Genomics Reporting Implementation Guide (STU1)

Genomics Reporting Implementation Guide, published by HL7 International Clinical Genomics Work Group. This is not an authorized publication; it is the continuous build for version 1.0.0). This version is based on the current content of https://github.com/HL7/genomics-reporting/ and changes regularly. See the Directory of published versions

General Genomic Reporting

This section defines the "core" profiles and concepts that would be expected to be present in most genomic reports, regardless of type and how those profiles relate to each other. Concepts covered include the genomics report itself and the high-level categories of observations and other elements that make up the report, such as patient, specimen, variants, haplotypes, genotypes, etc.

Genomic Observations

This guide defines a number of Observation profiles, with common underlying components and constraints being inherited from abstract profiles as shown in the following diagram. The profiles and their specific usage will be defined in more detail below and on the other pages of this guide.
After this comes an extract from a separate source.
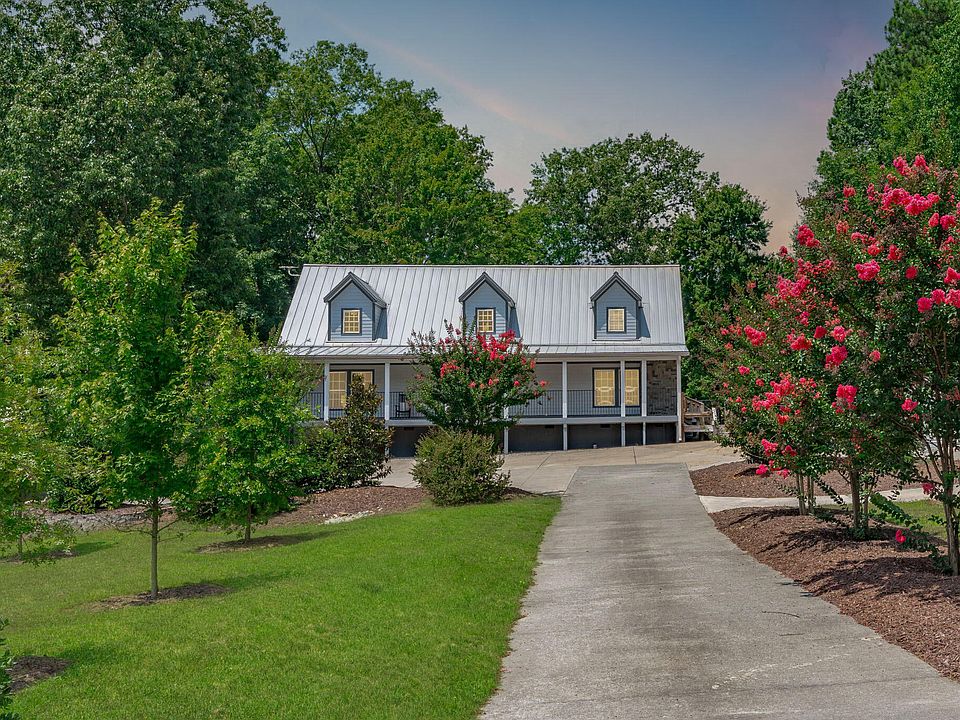 Landscaped lotCovered front porchDetached two-car garageMultiple outbuildingsWalk in showerCircular drivewayNewer metal roof

Class diagram showing the inheritance structure for genomic observations.

Figure 1: Defined Genomic Observations

(Profile links: Genomics Base, Overall Interpretation, Region Studied, Grouper, Genomic Finding (abstract), Variant, Haplotype, Genotype, Sequence Phase Relationship, Genomic Implication (abstract), Inherited Disease Pathogenicity, Medication Implication (abstract), Medication Efficacy Implication, Medication Transport Implication, Medication Metabolism Implication, High Risk Allele, Somatic Implication (abstract), Somatic Diagnostic Implication, Somatic Prognostic Implication, Somatic Predictive Implication)

Diagnostic Report

The diagnostic report is the focus of all genomic reporting. It conveys metadata about the overall report (what kind of report it was, when it was written, who wrote it, final vs. draft, etc.). It also typically includes a rendered version for review by a clinician. It also groups together all "relevant" information found as part of the genomic analysis (Rules for relevancy will depend on the type of testing ordered, the reason for testing and the policies of the lab). The information found is expressed as FHIR Observations. These observations fall into one of six categories:

Class diagram showing the high-level categories of the component parts in a genomic diagnostic report

Figure 1: Genomic Report Overview

(Profile links: Genomics Report, Grouper, Overall Interpretation, Genomic Implications (see Figure 7, Genomic Findings (see Figure 6, Region Studied)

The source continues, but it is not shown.